更新时间:2017-03-23 20:29:24
作者: 郑毅  
直辖市的地方性法规和设区的市地方性法规有所区别。就前者而言,第73条就其立法范围的原则性规定主要有三:根据本行政区域实际情况具体执行法律和行政法规、属于地方性事务需要制定行政法规以及国家尚未制定法律和行政法规的非法律保留事项的先行立法。[15]此外,第72条还明确了不得同宪法、法律、行政法规相抵触。[16]可见,《立法法》并未对直辖市行政法规的具体范围作出明确限制,在除《暂行办法》外尚无其他针对网约车的中央立法的情况下,符合《行政许可法》的相关规定也就构成了唯一的实质性控制要求。

   对于出台网约车立法的设区的市而言,《立法法》第72条第2款在前述对于地方性法规的概括性规定基础上,还专门针对其立法范围作出明确限定,即城乡建设与管理、环境保护和历史文化保护。显然,就网约车事项来说,关键在于论证其是否属于前述特定立法范畴(主要是“城乡建设与管理”)。由于在这个问题上,设区的市地方性法规和地方政府规章并无本质区别,故笔者将在本部分最后详析对该问题的肯定性回答。

   接下来讨论的关键,在于网约车地方性法规是否符合《行政许可法》的问题,这又可分为如下两个层面展开。

   第一,根据《行政许可法》第15条第1款并结合第12条(三)之规定,地方性法规设定许可的前提是法律和行政法规缺位,其关键在于“法律、行政法规”仅指关于网约车问题的法律和行政法规,还是可以宽泛到关于行政许可的原则性规定?学界对此存在争议,一是认为只要国家已经就该领域制定法律、行政法规,则地方性法规就无权再在该领域内创设行政许可,即广义说;二是认为仅指针对具体事项的法律法规,而非泛指整个领域,即狭义说。[17]笔者赞同后者。其一,从立法价值上来看,倘若采广义说,则意味着地方性法规将彻底沦为中央立法的“应声虫”(yes-man phenomenon),这“将不当削弱地方立法的积极性和主动性,且会脱离我国强烈的地方差异以及授权者的原意”。
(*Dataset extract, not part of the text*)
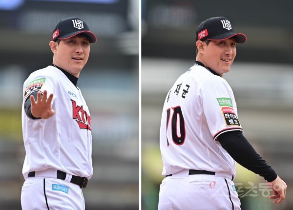 17일 경기도 수원KT위즈파크에서 열린 ‘2022 KBO 리그’ KT 위즈와 KIA 타이거즈의 시범경기에서 KT 황재균이 KIA 선수들에게 인사하고 있다.

[18]其二,从规范上来说,2004年国务院《对确需保留的行政审批项目设定行政许可的决定》所保留的500项行政许可中,诸如房地产估价机构资质核准、计划生育统计调查审批、统计人员从业资格认定、保险代理机构动用营业保证金审批等行政许可事项已分别有《城市房地产管理法》《人口与计划生育法》《统计法》《保险法》等的规定,而国务院仍专门以“决定”的方式再行确认。[19]其三,《国务院法制办行政许可法有关问题解答》的第二部分第14项针对相关问题给出了“限于行政许可法第12条规定可以设定行政许可的事项”的明确答复。综上,网约车地方性法规符合《行政许可法》第15条第1款之规定。

   第二,在前款基础上,《行政许可法》第15条第2款进一步确立了地方性法规设定行政许可的排除性范围,其争议焦点在于“应当由国家统一确定的公民、法人或者其他组织的资格、自治的行政许可”究竟所指为何?目前在理论上同样存在争议:一是认为公民、法人或者其他组织的资格、资质只能由国家法律或者行政法规来确定,地方性法规没有设定权,在2004年集中清理地方行政许可事项时即采此标准;[20]二是认为有“由国家统一确定的”作为限定词,就意味着还存在“非由国家统一确定的”情况。[21]对此,官方释义明示该款的规制背景在于:“确立统一的市场规则,降低进入市场的成本,防止地方政府利用行政许可设定权搞地方保护。”[22]那么,是否只要涉及地方保护的行政许可就必须由国家统一确定?又或是只要涉及差别对待的地方设定的行政许可即属无效?就目前已经颁布和正在征求意见的地方网约车立法而言,一些诸如户籍限制等社会反响较大的问题确有“限制其他地区的个人或者企业到本地区从事生产经营和提供服务”和“限制其他地区的商品进入本地区市场”之嫌,但由于《暂行办法》的中央立法属性,诸如第12条允许各地对车辆的具体标准和营运要求、第14条允许各“城市人民政府”对网约车驾驶员资格条件的补充规定等,在规范上仍应视为“国家统一确定”的结果。

   综上,从地方立法权限的角度来说,作为地方性法规的网约车立法初步具备一定的法制基础。

   (二)网约车地方政府规章的法制基础

   就目前地方网约车立法主力军的地方政府规章而言,对其法律基础的探讨同样可参照前述思路展开。

   《立法法》关于地方政府规章的规制集中在第82条:一是存在执行法律、行政法规、地方性法规的需要;二是属于本行政区域的具体行政管理事项;三是没有法律、行政法规、地方性法规的依据不得设定减损公民、法人和其他组织权利或者增加其义务的规范。城市对本地网约车问题进行规制确实存在依据本行政区域的网约车管理事项具体执行《行政许可法》以及部分地方性法规的需要,再结合前文对“减损公民、法人和其他组织权利或者增加其义务”的分析结论可知,直辖市的网约车政府规章初步符合《立法法》第82条的规定。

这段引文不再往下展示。